Collected data:
=== Begin Enclosure ===

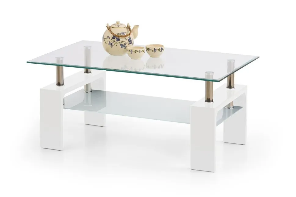 Szukasz klasycznego, wszechstronnego mebla, który będzie idealny do każdego wnętrza? Nie szukaj dalej niż stolik kawowy Rafes Intro! Ponadczasowa konstrukcja wykonana jest z wytrzymałej płyty MDF lakierowanej na biało, z metalową ramą i stylowym szklanym blatem. Jego prostokątny kształt sprawia, że świetnie pasuje do salonu, a dolna półka zapewnia cenne miejsce do przechowywania. Ma tradycyjny styl konstrukcji i ma odpowiednią wysokość (45 cm) i szerokość (100 cm), aby idealnie pasować do niemal każdej przestrzeni. Górna część mebla wykonana jest z przezroczystego szkła, co dodaje mu elegancji, czyniąc go idealnym wyborem do każdego nowoczesnego lub tradycyjnego domu. Niezależnie od tego, czy szukasz dodatkowego miejsca do siedzenia, czy po prostu chcesz dodać trochę nowoczesności do swojego salonu, stolik kawowy Rafes Intro z pewnością ożywi Twój wystrój!
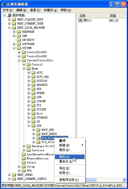 刪除此目錄下所有以Vid打頭的鍵值HKEY_LOCAL_MACHINE/SYSTEM/CurrentControlSet/Enum/USB/,每個都刪除(在刪除每個鍵值時,先將每個鍵值的權限改成完全控制,就可以刪除該鍵值了)
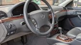 The cabin features seats upholstered in black Nappa leather with a matching dashboard, door panels, carpets, and floor mats along with burred walnut root aLents. The front seats are heated and power-adjustable with position memory, and other equipment includes dual-zone automatic climate control, cruise control, an electric rear-window roller blind, an alarm system, COMAND infotainment with navigation, and a CD changer. Signs of wear can be seen on the headlight-control surround and the steering-wheel buttons.
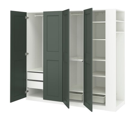 Гардеробная комбинация, белая, серо-зеленая/белая, 220х60х201 смОжидаем у поставщика
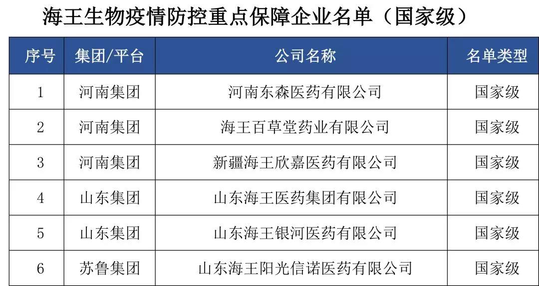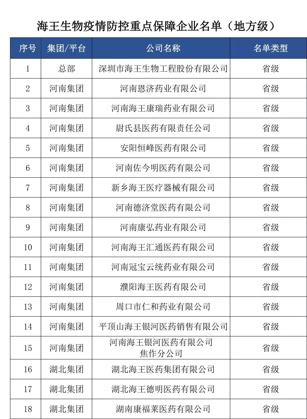 近日,全國及各地區(qū)疫情防控重點保障企業(yè)名單陸續(xù)公布。截至3月10日,海王生物本部入選省級“疫情防控重點保障企業(yè)名單”,6家子公司入選國家級“疫情防控重點保障企業(yè)名單”,34家子公司入選地區(qū)性“疫情防控重點保障企業(yè)”名單(其中省級22家,市級12家)。
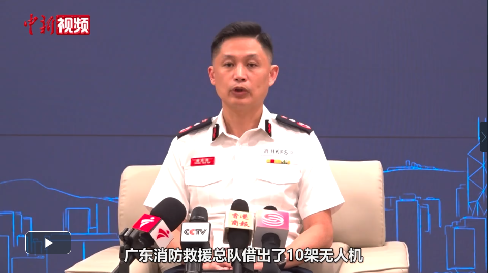 12月6日,香港特区政府消防处处长杨恩健接受记者采访时表示,在香港大埔宏福苑火灾救援中,广东消防救援总队借出的10架无人机,显着提升了无人机在火场监测和搜救的效率。这些无人机借助热成像技术,可精准定位楼宇火势严重区域,为消防部门制定灭火策略提供关键依据。在其中一起救援中,无人机成功监测到天台两名待救人士,助力消防人员快速将其安全转移至地面。(记者 孙悦)
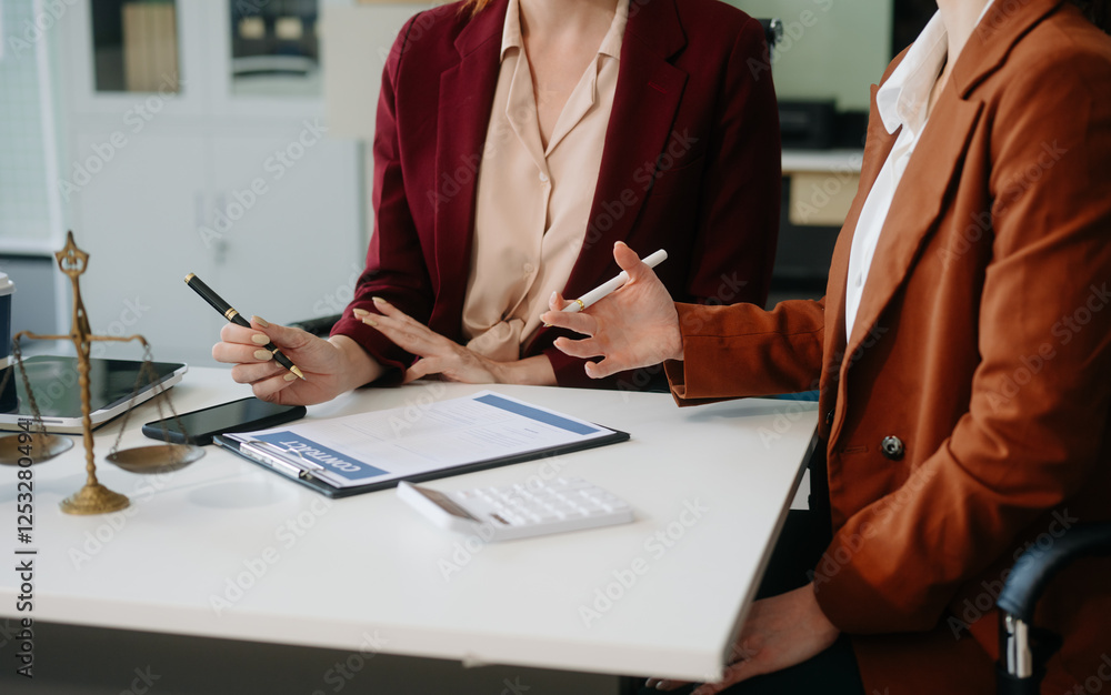 Business and lawyers discussing contract papers with brass scale on desk in office. Law, legal services, advice,
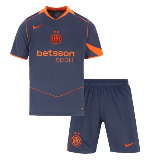 Inter Milan Alessandro Bastoni #95 Tredje trøje Børn 2025-26 Kort ærmer (+ bukser)
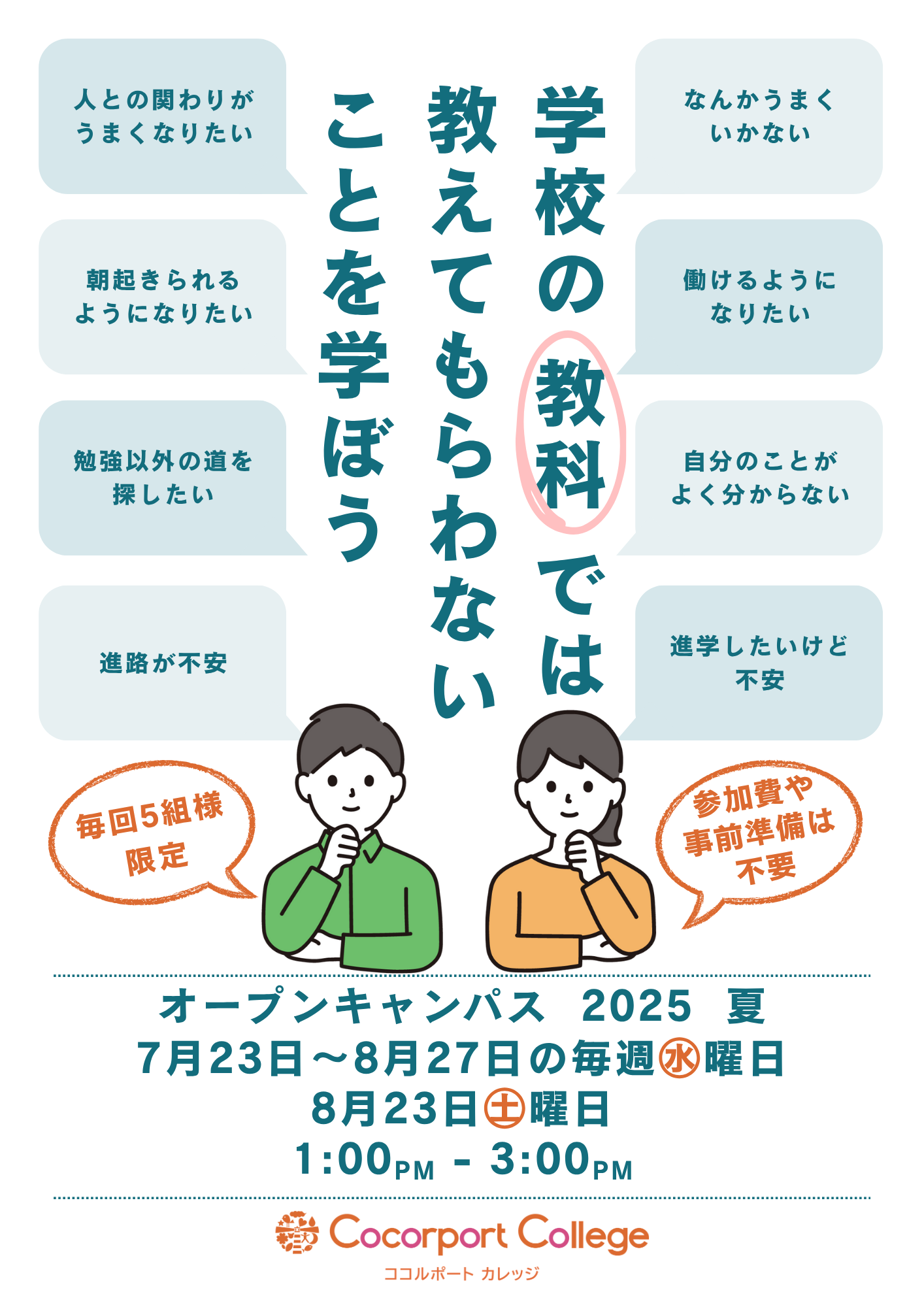 ★7/23~8/27の毎週(水)曜日 & 8/23(土)曜日 13:00~15:00☆
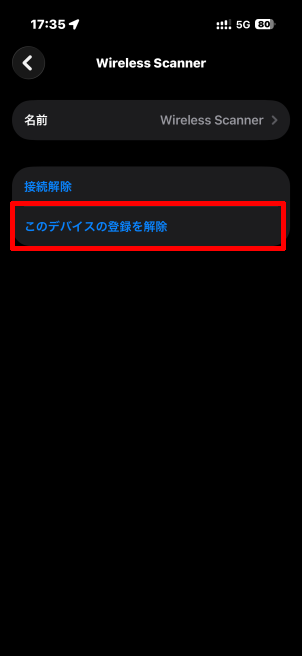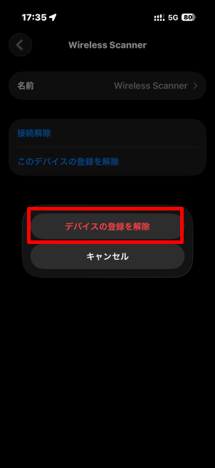 再ペアリング時など、以前の接続情報が残っている場合は、Wireless Scannerの右の[]→[このデバイスの登録を解除]→[デバイスの登録を解除]を行います。
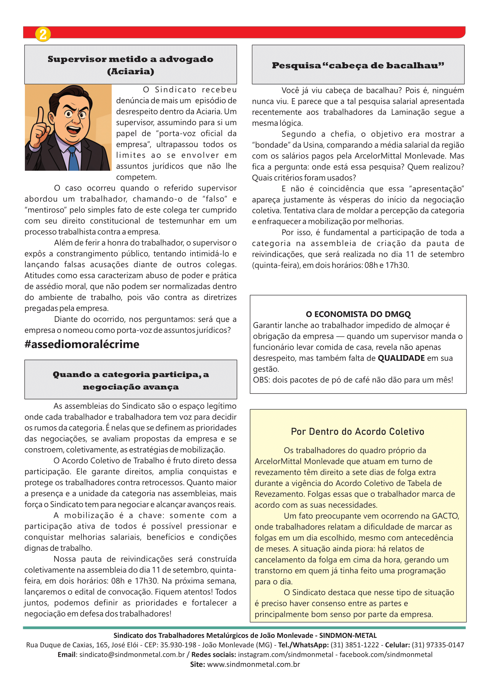 O Sindicato recebeu denúncia de mais um episódio de desrespeito dentro da Aciaria. Um supervisor, assumindo para si um papel de “porta-voz oficial da empresa”, ultrapassou todos os limites ao se envolver em assuntos jurídicos que não lhe competem.
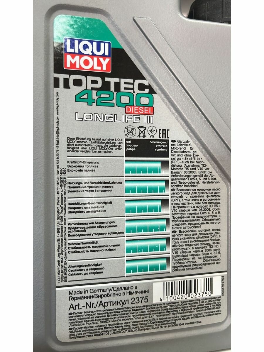 Liqui moly 2376 Liquimoly Масло Моторное Top Tec 4200 Diesel 5w-30 C3 (5л) 2376, Шт

=== End Enclosure ===

Only the lines from the one holding "近日,全國及各地區(qū)疫" through the end of the records belong in the answer, copied exactly and without pictures.

# YOUR SOLUTION
 近日,全國及各地區(qū)疫情防控重點保障企業(yè)名單陸續(xù)公布。截至3月10日,海王生物本部入選省級“疫情防控重點保障企業(yè)名單”,6家子公司入選國家級“疫情防控重點保障企業(yè)名單”,34家子公司入選地區(qū)性“疫情防控重點保障企業(yè)”名單(其中省級22家,市級12家)。
 12月6日,香港特区政府消防处处长杨恩健接受记者采访时表示,在香港大埔宏福苑火灾救援中,广东消防救援总队借出的10架无人机,显着提升了无人机在火场监测和搜救的效率。这些无人机借助热成像技术,可精准定位楼宇火势严重区域,为消防部门制定灭火策略提供关键依据。在其中一起救援中,无人机成功监测到天台两名待救人士,助力消防人员快速将其安全转移至地面。(记者 孙悦)
 Business and lawyers discussing contract papers with brass scale on desk in office. Law, legal services, advice,
 Inter Milan Alessandro Bastoni #95 Tredje trøje Børn 2025-26 Kort ærmer (+ bukser)
 ★7/23~8/27の毎週(水)曜日 & 8/23(土)曜日 13:00~15:00☆
 再ペアリング時など、以前の接続情報が残っている場合は、Wireless Scannerの右の[]→[このデバイスの登録を解除]→[デバイスの登録を解除]を行います。
 O Sindicato recebeu denúncia de mais um episódio de desrespeito dentro da Aciaria. Um supervisor, assumindo para si um papel de “porta-voz oficial da empresa”, ultrapassou todos os limites ao se envolver em assuntos jurídicos que não lhe competem.
 Liqui moly 2376 Liquimoly Масло Моторное Top Tec 4200 Diesel 5w-30 C3 (5л) 2376, Шт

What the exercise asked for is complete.